Конец первого действия «Романтиков» как будто бы завершается точно так же. При первом чтении пьесы в Комеди Франсез оно было оценено высоко, а два других действия предлагалось сократить. Ростан сопротивлялся этому решению, прения затянулись на несколько лет (1891–1894 гг.). Но в первой же рецензии Ф. Сарсе после премьеры говорилось: «Я убежден, что в дальнейшем будет сохранен лишь первый акт, который составляет законченную пьесу и который будет одной из жемчужин репертуара», а о втором и третьем актах: «...В конце концов, они не были необходимыми...». Позже близкую точку зрения высказал Э. Фаге. Анри Ледом также не может понять, зачем нужны еще два акта: «Пьеса... вполне могла кончиться здесь. Но каприз автора, или запоздалая мысль, или его интерес к развитию драматургической техники подсказали другую кульминацию, другую развязку».
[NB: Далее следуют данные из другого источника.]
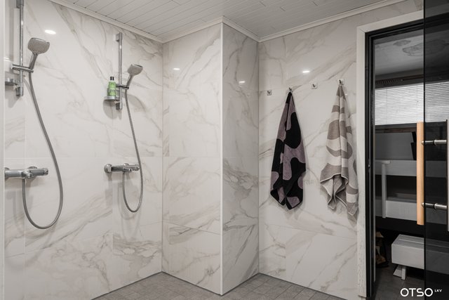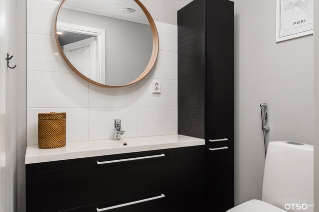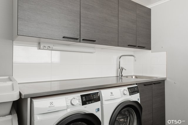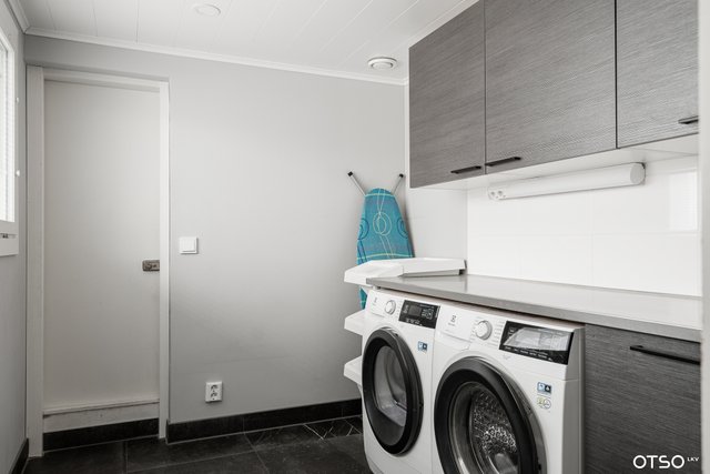 - Pesuallas, pöytätaso, pesukoneliitäntä, ja lattialämmitys

Критики не поняли замысел Э. Ростана именно потому, что они хотели видеть в «Романтиках» стихотворный вариант «хорошо сделанной пьесы» (Э. Фаге и Ф. Сарсе — крупнейшие пропагандисты этого типа пьесы), в то время как Ростан в своем произведении развивал новую конструкцию, характерную для неоромантизма. Смысл ее становится ясным после рассмотрения второго и третьего актов, с которыми первый акт связан деталью, появляющейся буквально под занавес: 

Бергамен.

Бумага? Это что такое?
И ваша подпись?..

Страфорель. (C поклоном).

Сударь!.. это счет. [1, 43]. 

Действие снова ждет развития, что диктуется и оправдывается проблемой соотношения романтики и действительности, для решения которой важно, сохранится ли романтическое восприятие мира у юных героев, когда они узнают правду. Два последующих акта Ростан отводит для ответа на этот вопрос.
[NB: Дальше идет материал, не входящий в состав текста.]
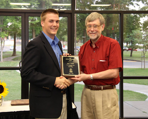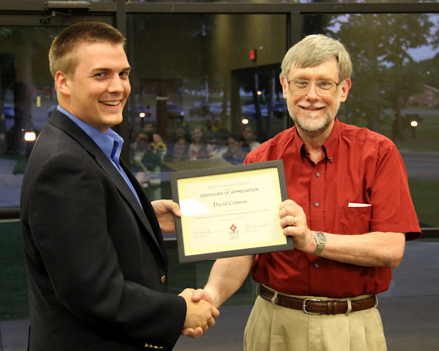 Dr. Terry Lindley (right) presents a certificate of appreciation to David Conway at the Department of History Awards Banquet on May 3 for his work as president of the Rutledge Honorary History Club in 2011-2012.

Второе действие «Романтиков» начинается с картины, прямо противоположной началу первого акта: стена снесена, и довольный Паскино беседует с садовником Блэзом о выгодах нынешнего положения. Однако через несколько мгновений зритель узнает, что он снова ошибается в своей оценке событий: после того, как стена была снесена, между родителями наметился конфликт. Используя прием усугубления, Ростан показывает, как Бергамен и Паскино от раздражения переходят к брани и оскорблениям. Зрительская оценка событий, таким образом, снова должна измениться на противоположную. Но этот прием «хорошо сделанной пьесы» используется Ростаном не для увеличения занимательности интриги. Как в первом, так и во втором случае он, не обогащая действие, служит разработке проблемы романтического: в первом случае обнаруживается, что безудержная романтика детей неразрывно связана с практицизмом отцов; во втором — что благополучная жизнь, построенная на выгоде, невыносимо скучна без романтики. Ссорящиеся Бергамен и Паскино осознают это: именно отсутствие романтики привело их к конфликту, и теперь лишь для детей они могут переносить совместную жизнь.

Входят Персине и Сильветта, и родители, спрятавшись, подслушивают их. Сам прием подслушивания широко используется в драматургии: «Гамлет» (Полоний за занавеской), «Тартюф» (Оргон под столом), «Эрнани» (Дон Карлос сначала в шкафу, потом в склепе), «Скупой рыцарь» (Альбер в соседней комнате) и т. д., при этом каждый драматург вводит прием подслушивания с определенной целью.

Такая цель есть и у Ростана, причем в отличие от ранних его драматургических опытов прием «подслушивания» используется не для развития интриги, что соответствовало бы традициям «хорошо сделанной пьесы».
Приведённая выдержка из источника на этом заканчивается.